>>
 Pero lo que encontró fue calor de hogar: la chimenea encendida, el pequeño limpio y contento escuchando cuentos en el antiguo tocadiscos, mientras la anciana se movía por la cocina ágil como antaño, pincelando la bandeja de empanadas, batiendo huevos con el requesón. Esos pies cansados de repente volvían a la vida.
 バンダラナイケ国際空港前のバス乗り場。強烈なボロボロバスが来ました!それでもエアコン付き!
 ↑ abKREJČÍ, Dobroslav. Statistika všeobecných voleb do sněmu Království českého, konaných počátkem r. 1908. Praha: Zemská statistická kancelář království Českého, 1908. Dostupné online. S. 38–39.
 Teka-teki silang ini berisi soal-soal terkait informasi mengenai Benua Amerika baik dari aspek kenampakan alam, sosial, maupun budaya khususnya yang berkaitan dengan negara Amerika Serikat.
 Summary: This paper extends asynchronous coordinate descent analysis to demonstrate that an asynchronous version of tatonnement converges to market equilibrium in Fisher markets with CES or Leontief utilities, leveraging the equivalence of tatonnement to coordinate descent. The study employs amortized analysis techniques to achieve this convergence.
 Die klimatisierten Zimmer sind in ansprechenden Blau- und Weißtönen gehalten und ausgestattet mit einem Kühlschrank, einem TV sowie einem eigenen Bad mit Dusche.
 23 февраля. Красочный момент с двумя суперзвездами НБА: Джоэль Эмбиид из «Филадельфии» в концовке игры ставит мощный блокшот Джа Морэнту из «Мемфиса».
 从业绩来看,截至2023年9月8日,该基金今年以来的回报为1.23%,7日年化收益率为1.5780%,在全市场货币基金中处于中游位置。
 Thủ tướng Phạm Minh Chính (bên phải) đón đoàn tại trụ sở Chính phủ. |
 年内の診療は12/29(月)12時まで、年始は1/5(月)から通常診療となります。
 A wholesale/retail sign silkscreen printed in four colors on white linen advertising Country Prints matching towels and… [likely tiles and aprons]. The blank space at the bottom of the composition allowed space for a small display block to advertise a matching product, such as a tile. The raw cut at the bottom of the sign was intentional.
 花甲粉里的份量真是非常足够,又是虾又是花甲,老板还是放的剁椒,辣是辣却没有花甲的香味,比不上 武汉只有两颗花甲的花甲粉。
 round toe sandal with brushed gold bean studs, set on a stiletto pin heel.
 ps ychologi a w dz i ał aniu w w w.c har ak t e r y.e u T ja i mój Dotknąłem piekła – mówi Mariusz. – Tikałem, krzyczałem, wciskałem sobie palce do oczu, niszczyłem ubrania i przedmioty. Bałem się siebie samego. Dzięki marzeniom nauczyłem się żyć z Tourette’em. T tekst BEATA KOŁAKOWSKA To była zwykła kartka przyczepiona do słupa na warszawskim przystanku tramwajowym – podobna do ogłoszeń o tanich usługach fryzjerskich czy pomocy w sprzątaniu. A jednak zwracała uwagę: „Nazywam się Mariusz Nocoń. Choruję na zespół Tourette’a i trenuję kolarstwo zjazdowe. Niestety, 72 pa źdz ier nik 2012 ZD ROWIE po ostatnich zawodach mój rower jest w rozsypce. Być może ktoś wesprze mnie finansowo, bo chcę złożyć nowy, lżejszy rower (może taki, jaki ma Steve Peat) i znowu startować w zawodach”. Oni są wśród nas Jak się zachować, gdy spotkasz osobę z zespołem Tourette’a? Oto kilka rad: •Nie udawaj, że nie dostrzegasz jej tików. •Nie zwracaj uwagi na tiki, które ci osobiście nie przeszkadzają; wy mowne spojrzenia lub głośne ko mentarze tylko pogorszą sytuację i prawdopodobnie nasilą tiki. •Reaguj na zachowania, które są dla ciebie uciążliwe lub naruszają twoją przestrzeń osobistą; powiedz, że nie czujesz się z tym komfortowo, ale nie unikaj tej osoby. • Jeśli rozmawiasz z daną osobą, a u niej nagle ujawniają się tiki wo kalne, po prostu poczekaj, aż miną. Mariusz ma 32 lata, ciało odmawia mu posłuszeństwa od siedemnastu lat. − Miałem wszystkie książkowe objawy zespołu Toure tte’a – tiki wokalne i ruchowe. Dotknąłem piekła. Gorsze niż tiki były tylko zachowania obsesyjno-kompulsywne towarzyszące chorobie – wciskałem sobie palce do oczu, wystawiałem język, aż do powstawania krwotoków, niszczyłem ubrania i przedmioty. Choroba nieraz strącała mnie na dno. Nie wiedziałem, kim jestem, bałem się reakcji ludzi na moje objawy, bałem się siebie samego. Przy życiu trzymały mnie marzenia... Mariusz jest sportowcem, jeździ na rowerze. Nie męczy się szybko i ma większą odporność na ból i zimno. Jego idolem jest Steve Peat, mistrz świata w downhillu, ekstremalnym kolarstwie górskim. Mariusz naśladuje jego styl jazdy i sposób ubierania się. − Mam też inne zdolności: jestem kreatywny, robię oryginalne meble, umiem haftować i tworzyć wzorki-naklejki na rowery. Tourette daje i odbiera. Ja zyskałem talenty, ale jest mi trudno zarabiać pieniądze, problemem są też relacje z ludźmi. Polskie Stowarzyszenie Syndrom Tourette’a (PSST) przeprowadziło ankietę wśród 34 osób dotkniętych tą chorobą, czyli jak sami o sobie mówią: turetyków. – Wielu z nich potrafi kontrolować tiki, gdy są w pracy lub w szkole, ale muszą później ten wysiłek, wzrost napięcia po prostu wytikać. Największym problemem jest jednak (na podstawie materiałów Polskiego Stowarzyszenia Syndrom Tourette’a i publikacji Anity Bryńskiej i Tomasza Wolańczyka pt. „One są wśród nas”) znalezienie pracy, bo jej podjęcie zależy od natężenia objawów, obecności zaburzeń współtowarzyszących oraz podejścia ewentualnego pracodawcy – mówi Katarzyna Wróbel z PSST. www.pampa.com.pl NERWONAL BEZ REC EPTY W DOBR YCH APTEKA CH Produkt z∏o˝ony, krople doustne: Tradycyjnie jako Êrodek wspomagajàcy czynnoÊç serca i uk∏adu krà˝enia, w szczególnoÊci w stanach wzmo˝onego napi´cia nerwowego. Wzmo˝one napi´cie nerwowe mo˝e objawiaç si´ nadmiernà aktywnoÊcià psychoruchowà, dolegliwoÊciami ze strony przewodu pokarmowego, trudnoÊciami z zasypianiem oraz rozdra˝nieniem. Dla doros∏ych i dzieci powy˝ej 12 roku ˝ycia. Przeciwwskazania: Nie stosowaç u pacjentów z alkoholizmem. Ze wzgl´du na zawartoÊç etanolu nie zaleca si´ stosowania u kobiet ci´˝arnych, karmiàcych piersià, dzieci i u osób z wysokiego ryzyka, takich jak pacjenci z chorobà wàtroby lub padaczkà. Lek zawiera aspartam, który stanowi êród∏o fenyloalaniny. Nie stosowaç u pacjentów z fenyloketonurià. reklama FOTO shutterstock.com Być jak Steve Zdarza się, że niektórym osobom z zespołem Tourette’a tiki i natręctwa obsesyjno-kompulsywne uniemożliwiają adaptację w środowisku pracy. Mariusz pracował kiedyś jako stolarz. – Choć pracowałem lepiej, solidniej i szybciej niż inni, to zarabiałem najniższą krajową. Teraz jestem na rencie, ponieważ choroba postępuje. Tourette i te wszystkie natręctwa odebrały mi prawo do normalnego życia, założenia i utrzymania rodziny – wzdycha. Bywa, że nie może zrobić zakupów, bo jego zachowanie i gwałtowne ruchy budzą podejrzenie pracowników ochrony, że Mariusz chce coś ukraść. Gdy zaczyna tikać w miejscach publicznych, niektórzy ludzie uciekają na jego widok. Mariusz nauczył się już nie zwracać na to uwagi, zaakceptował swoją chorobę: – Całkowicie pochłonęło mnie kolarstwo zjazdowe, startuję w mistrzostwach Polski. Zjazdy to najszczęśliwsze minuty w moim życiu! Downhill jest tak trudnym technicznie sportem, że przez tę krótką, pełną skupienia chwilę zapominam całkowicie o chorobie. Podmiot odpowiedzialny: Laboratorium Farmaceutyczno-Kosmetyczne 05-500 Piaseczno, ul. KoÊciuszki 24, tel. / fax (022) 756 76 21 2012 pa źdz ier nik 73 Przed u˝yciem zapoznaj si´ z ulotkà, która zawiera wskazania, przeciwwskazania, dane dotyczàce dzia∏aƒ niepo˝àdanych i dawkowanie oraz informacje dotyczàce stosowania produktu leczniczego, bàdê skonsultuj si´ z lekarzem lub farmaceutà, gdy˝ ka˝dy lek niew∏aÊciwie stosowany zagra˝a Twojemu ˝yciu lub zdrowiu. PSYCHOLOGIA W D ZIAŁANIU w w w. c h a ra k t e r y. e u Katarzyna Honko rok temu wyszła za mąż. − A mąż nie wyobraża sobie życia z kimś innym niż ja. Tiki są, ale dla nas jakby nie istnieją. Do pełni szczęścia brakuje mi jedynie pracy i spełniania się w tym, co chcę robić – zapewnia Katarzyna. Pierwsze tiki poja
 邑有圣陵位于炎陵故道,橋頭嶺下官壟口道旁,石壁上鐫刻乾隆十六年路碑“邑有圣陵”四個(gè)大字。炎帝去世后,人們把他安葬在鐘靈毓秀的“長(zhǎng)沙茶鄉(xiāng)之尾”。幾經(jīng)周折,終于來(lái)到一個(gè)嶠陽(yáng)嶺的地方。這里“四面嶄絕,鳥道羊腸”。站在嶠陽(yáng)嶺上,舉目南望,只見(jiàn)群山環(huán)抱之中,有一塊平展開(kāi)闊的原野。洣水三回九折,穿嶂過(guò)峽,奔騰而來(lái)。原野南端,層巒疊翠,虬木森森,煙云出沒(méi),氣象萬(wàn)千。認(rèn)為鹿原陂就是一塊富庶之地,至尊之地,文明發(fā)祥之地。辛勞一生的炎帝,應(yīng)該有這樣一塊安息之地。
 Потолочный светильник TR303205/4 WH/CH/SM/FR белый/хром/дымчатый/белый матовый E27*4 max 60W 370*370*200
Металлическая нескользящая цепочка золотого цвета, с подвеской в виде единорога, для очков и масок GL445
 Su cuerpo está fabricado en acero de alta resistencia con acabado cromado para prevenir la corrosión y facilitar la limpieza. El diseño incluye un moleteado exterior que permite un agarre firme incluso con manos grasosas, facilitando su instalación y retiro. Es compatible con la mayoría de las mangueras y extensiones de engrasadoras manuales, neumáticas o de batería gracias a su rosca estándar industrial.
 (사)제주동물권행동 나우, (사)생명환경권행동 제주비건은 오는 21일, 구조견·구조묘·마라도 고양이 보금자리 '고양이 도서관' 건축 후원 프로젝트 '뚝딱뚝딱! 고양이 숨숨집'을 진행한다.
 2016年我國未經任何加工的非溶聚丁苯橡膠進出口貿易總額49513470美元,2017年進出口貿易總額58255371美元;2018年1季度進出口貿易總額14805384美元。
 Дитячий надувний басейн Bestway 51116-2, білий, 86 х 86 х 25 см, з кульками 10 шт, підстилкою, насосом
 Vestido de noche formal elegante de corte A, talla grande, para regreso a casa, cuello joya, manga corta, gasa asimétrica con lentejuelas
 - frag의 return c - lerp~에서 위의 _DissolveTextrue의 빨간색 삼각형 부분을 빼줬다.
<<
» Activity
Look through the material above for the word "with" and copy every line that has it.

» Output of the exercise
 Summary: This paper extends asynchronous coordinate descent analysis to demonstrate that an asynchronous version of tatonnement converges to market equilibrium in Fisher markets with CES or Leontief utilities, leveraging the equivalence of tatonnement to coordinate descent. The study employs amortized analysis techniques to achieve this convergence.
 round toe sandal with brushed gold bean studs, set on a stiletto pin heel.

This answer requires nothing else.